軍服的公主立刻判斷出了阿爾泰爾用的是甚麼能力,對方難道是想要把自己帶到甚麼被造物的世界裡去麼?
在軍服的公主這麼想時,阿爾泰爾已經帶著他穿入了通道。
墓碑之城夏木市的上空,阿爾泰爾的身影復現而出。
在她的身後,一個隱約的虛空通道復現,而她的手就在這個虛空通道里面,死死地抓著那隻手想要將那個人拉出來,可是不管她怎麼拉,竟然都拉不出來。
“阿爾泰爾!”
阿爾泰爾不由憤怒了。
“你在憤怒甚麼?真是可笑的姿態,吾可沒有做任何抵抗呢,看樣子那邊的世界,你並不能帶著吾前往。”軍服的公主從那邊傳來了聲音。
無法帶著軍服的公主前往那個世界?
這個訊息讓阿爾泰爾的臉色頓時為之一變。
她立即返回了眼前的通道,而後對著臉上帶有茫然之色的煌樹茉美香伸出手,一把抓住煌樹茉美香朝著自己所在的世界而來。
過不來。
依然過不來!
隱約的通道之中,存在著一種看不見的壁障,硬生生地將軍服的公主和煌樹茉美香都堵在了另一邊無法過來。
為甚麼會這樣?
看見這樣的結果阿爾泰爾幾乎都要瘋了,這可不是她想要的傢伙。
維度穿梭這個能力,不應該是可以帶著人往返於故事世界的麼?讓現實的人進入小說動漫遊戲的世界,也能夠帶著那些世界的人來到現實世界,不應該是這樣的能力麼?
為甚麼?
為甚麼?
阿爾泰爾重新回到了《re:創造主》的世界,站在了寒風冷冽的天台上。
軍服的公主和煌樹茉美香都看著阿爾泰爾,臉上露出了古怪之色。
“吾可以感受到,那個世界的奇特之處。
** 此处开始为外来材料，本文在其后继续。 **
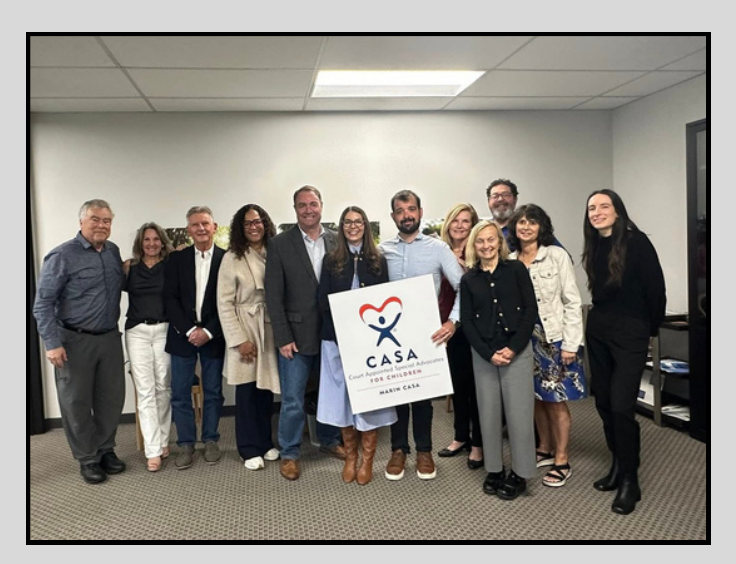
MET WITH MARIN COURT APPOINTED SPECIAL ADVOCATES TO DISCUSS WAYS TO SUPPORT OUR LOCAL FOSTER YOUTH

”軍服的公主不緊不慢地說了起來:“那彷彿是世界受到了甚麼異變,進行了一種自我保護,導致那個世界與其餘的世界產生了隔絕,以至於吾都無法穿梭到那個世界。你可以,那是因為,你本就屬於那個世界。”
世界異變?
阿爾泰爾頓時明白了過來。
演員異變的事情,定然對她所在的那個世界造成了影響,以至於世界產生了一種奇怪的自我保護,而這一層保護,直接隔絕了其餘的世界。
她可以去任何世界,並安然回來,但無法帶著別的世界的人回來。
瞭解到這樣的情況後,阿爾泰爾頓時有些絕望了。
為甚麼會這樣子呢?
無法將軍服的公主帶到那個世界?
就在剛剛她還在想,如果軍服的公主死活不願意幫她復活神之哀傷的人,自己是否可以去其餘具備復活能力的世界,找人過來幫忙復活神之哀傷的人……可是現在,一切想法都白費了。
她做不到的,她怎麼都做不到的。
沒有人可以復活,沒有人。
自己無法在現實世界以外的世界獲得二創能力,在現實世界又無法獲得二創能力,然後又無法在其餘世界帶人進入現實世界……那麼一切都完了不是麼?
阿爾泰爾的神色都變得有些扭曲了起來,內心的怒氣達到了一個極高的地步。
而看著阿爾泰爾情緒不穩定的樣子,軍服的公主卻是忍不住發出了笑聲:“真是可悲的模樣。”
“你在跟我幸災樂禍麼?”阿爾泰爾目光冷冷地看著軍服的公主。
這個時候她的內心滿是不甘和憤怒,可以說達到了一種情緒極為不穩定的狀態,這種時候有人刺激她,無疑會將她引爆。
軍服的公主飛上高空,用一種高傲的眼神看著阿爾泰爾說道:“是的,吾有著足夠幸災樂禍的理由,畢竟你是站在吾對立面的傢伙。對於你,吾何必客氣。”
“不要說了。”煌樹茉美香連忙說道。
她擔心地看了看阿爾泰爾,又看了看軍服的公主,多麼希望軍服的公主能夠少說兩句,因為她已經看出阿爾泰爾陷入了極大的憤怒之中。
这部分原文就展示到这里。